Moreover, women with a prior CD were previously reported to be less likely to attempt a subsequent vaginal delivery in China, presumably because of fear of adverse outcomes associated with TOLAC [25, 26]. The change of birth policies in China in recent years, however, from a one-child policy to a two-child policy to the current three-child policy, offers an opportunity to promote VBAC in China. Our study about the association between the second-stage duration of labor and perinatal outcomes in women undergoing TOLAC could provide clinical support for implementing VBAC. In addition, the rate of successful TOLAC in our study was relatively high (97.4%) as compared with Hehir’s study [22]. The main reason is that the current cohort primarily includes women who underwent spontaneous labor, and these women are more likely to have a successful VBAC [27]. The indications for TOLAC also may differ in different countries. Nevertheless, the current findings regarding the favorable VBAC rates among women with lower risk imply that TOLAC should not be discouraged in this setting.

This study provides information regarding the association between second-stage duration and mode of delivery as well as associated perinatal outcomes in women undergoing TOLAC; however, it also has some limitations. Retrospective studies are inherently limited by the data sets used. In addition, because this was a cohort study from a single center in China, differences in practice style or patient preferences may have been unique to the study cohort, and this study was likely underpowered to investigate significant clinical differences in severe obstetric outcomes, such as uterine rupture, postpartum hysterectomy, or rare neonatal morbidities. The small sample size also presented a limitation in our study. Multivariable models with larger populations may be better able to characterize the relationship between the second-stage length and adverse outcomes. Thus, caution is warranted when extending our findings to other populations.

Conclusions

Our study revealed that the prolonged (≥2 h) second stage of labor may lead to increased OVD and CD rate, as well as the incidence of PPH in women who underwent TOLAC. Neonatal outcomes were similar by the second-stage length.

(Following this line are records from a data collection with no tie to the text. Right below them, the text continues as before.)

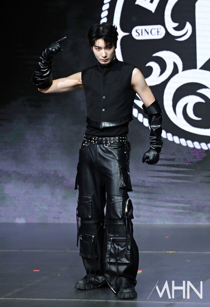 (MHN 이지숙 기자) 수어 아이돌 빅오션 지석이 3일 서울 마포구 쇼킹케이팝센터에서 열린 세 번째 미니 앨범 'THE GREATEST BATTLE'(더 그레이티스트 배틀) 쇼케이스에서 포즈를 취하고 있다.
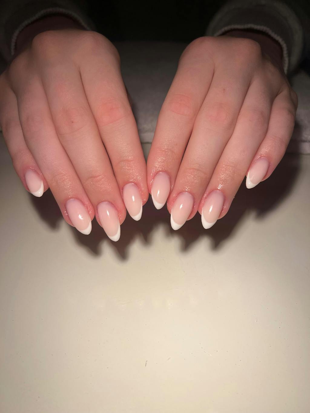 Husk å bruke neglebåndsolje og fuktighetskrem for å holde kunstneglene og hud og naturnegler sunne og unngå at kunstneglene blir sprø. Påfør neglebåndsolje også på undersiden av negletippen.
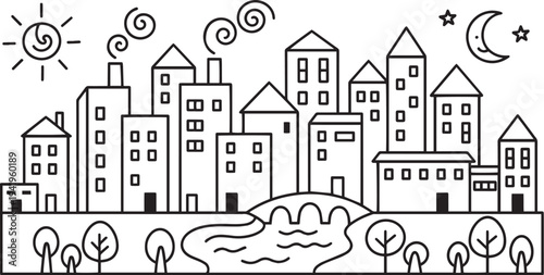 Farming concept vector illustration. Modern thin line art flat style design element in the shape of farm building for website banners and printed materials.
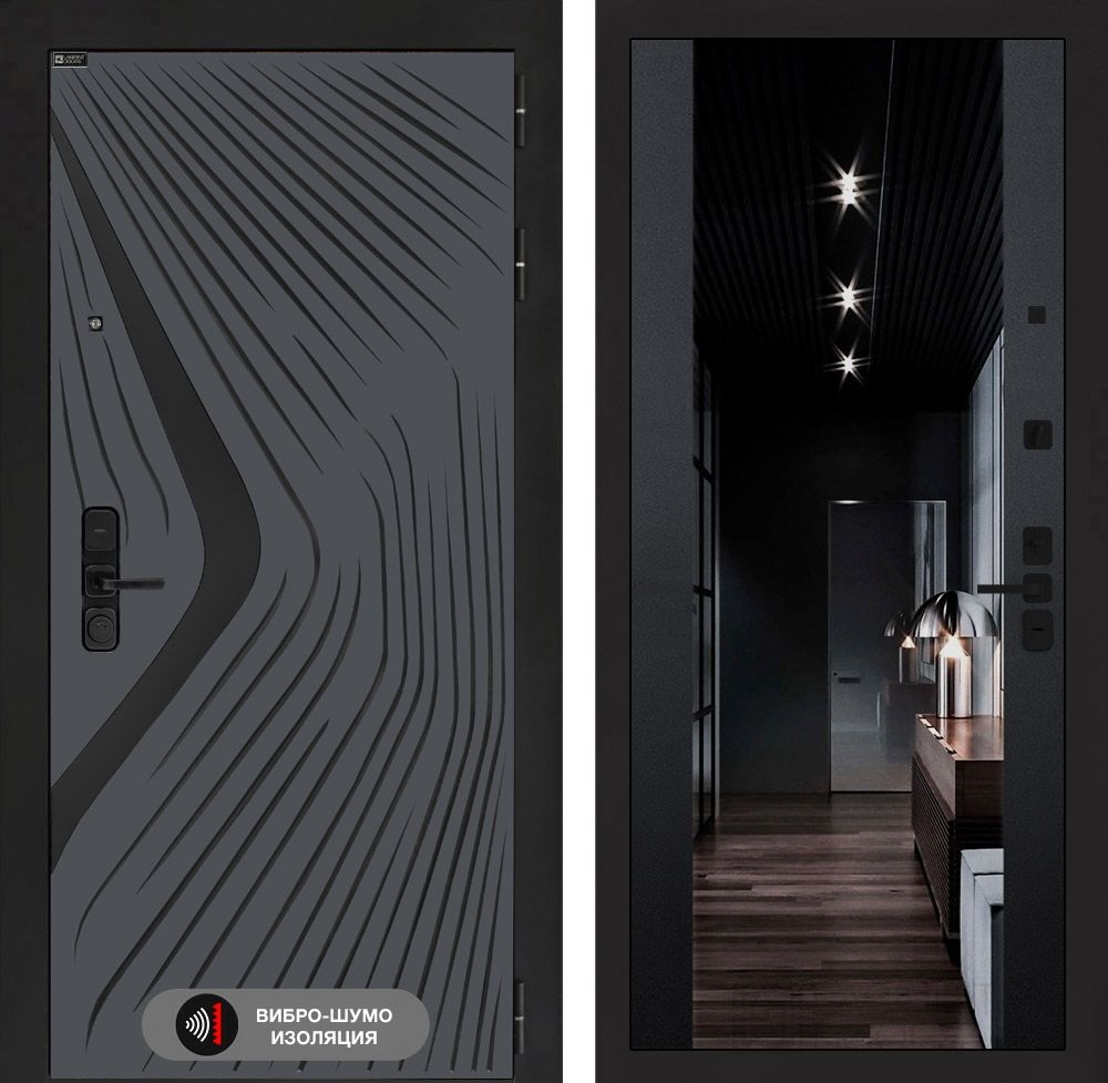 Входная стальная дверь Лабиринт ISSIDA с Зеркалом тонированным - Черный кварц
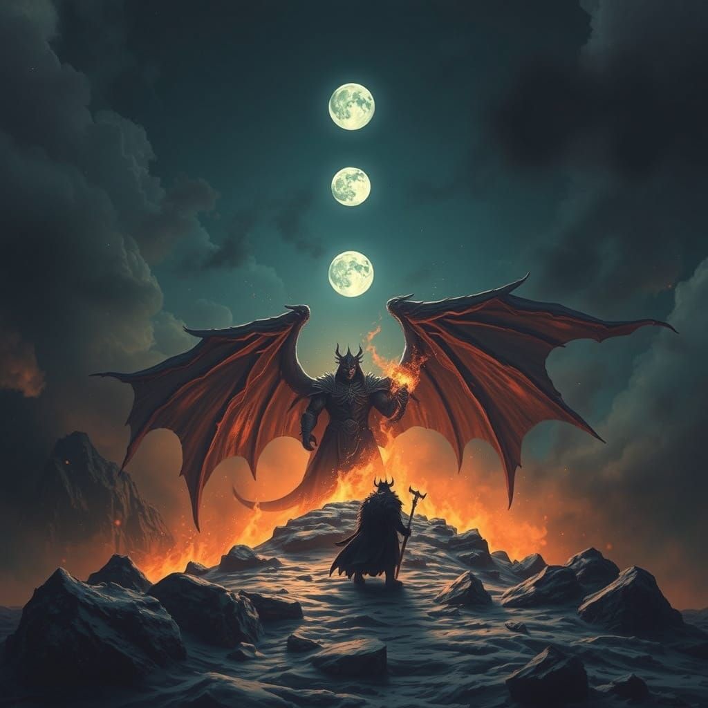 A striking picture of a powerful warrior king standing under the moon, radiating fear and wrath, with a storm of vengeance in his heart, in a cyberpunk aesthetic
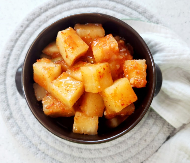 Pindahkan Kkakdugi yang sudah jadi ke dalam wadah kedap udara. Biarkan pada suhu ruang selama setengah hari agar sedikit terfermentasi dan mengembangkan rasa khasnya yang segar dan sedikit pedas. Setelah itu, simpan di lemari es khusus kimchi agar tetap dingin dan nikmati rasa lezatnya. Enak dimakan langsung atau setelah sedikit difermentasi!
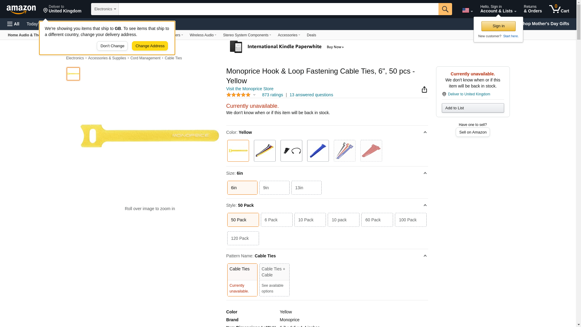 Monoprice Hook & Loop Fastening Cable Ties, 6", 50 pcs - Yellow. Organize your wires and cables with reusable Hook & ...
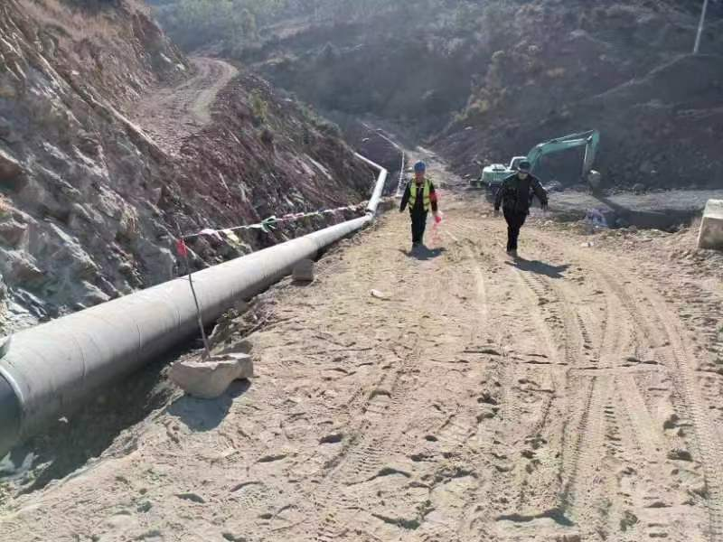 项目于2023年9月5日开工建设,截至2024年2月底,已完成23.4km管线的实物指标调查及征地工作,施工单位完成进场道路修建9.4km,输水主管道管槽开挖15km,螺旋钢管进场13.4km,焊接安装12.5km,浇筑混凝土镇墩、支墩:1920m³,渠系建筑物改造8座,泵站更新改造4座,探伤检测5320m。
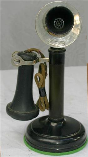 Candlestick telephone with chrome around mouthpiece. Adjustable mouthpiece. Western Electric #329 W. Base approx. 5 ½" diameter. Approx. 12" high. Original condition.
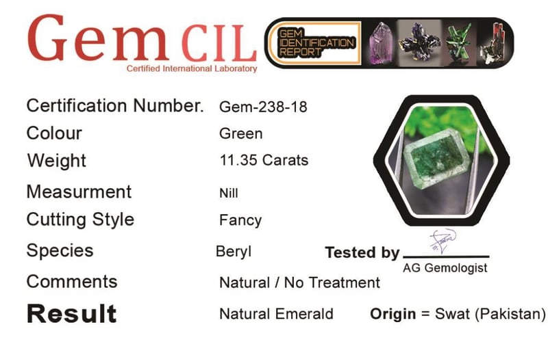 11.35 CARATS NATURAL GEMMY EMERALD 11.35 Carats Natural Gemmy Emerald Stone = Natural EmeraldWeight = 11.35 Carats Colour = Green Cut = FancyLustre = Excellent Treatment = No Oil (Natural)Origin = Swat (Pakistan) Condition: Good - Refer Images 0488464+18
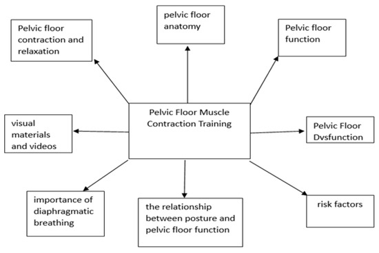 After the assessments, participants were provided with similar training regardless of the group they were assigned to. The training included detailed presentations on pelvic floor anatomy and function, pelvic floor dysfunction (PFD), risk factors, the relationship between posture and pelvic floor function, importance of diaphragmatic breathing, and pelvic floor muscle training. Additionally, visual materials and videos were used during the training. Pelvic floor contraction and relaxation techniques were explained according to the group to which the participants were assigned (Figure 1).
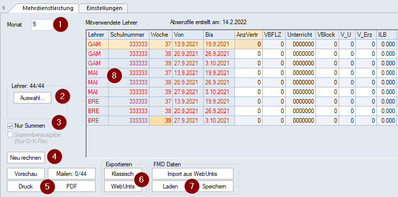 | 07 | Fremdlehrerabrechnung | • Export der FMD-Files nach WebUntis • Import der FMD-Files von Fremdschulen aus WebUntis |
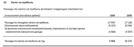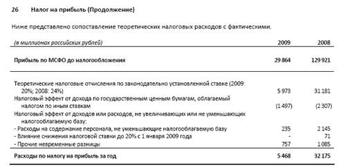 В таблице наблюдается сокращение расходов по налоговом отчислением на 83,1% , причинами этому является снижение прибыли на 100057 миллионов российских рублей в 2009 году в связи с Мировым Финансовым кризисом. Одной из мер государства по борьбе с кризисом и поддержке банковского сектора было снижение процентных ставок по налогам на прибыль с 24% до 20% в 2009 году.
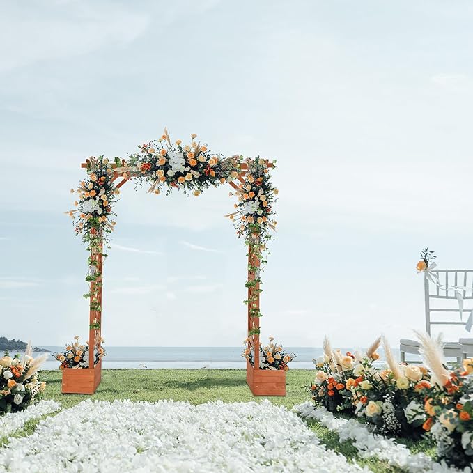 - 【Beautiful Design】 This elegant arch can be easily covered in beautiful vines, branches, colorful flowers, or delicate fabric, creating a surreal and sophisticated setting for the ceremony. With planter, you can local any place

The benefits of the prolonged second stage of labor to promote the rate of vaginal delivery should be weighed against the increased operative delivery and PPH rate. In our study, we observed that women with a shorter duration of second-stage labor and lower labor intervention rates were more likely to have a successful VBAC. When labor progresses slowly, identifying and treating risk factors associated with failed progress in labor and prolonged stage of labor in the second stage (such as uterine atony, fetal malposition) might increase the chance for a successful VBAC. Our data could aid in counseling and management of the second stage of TOLAC.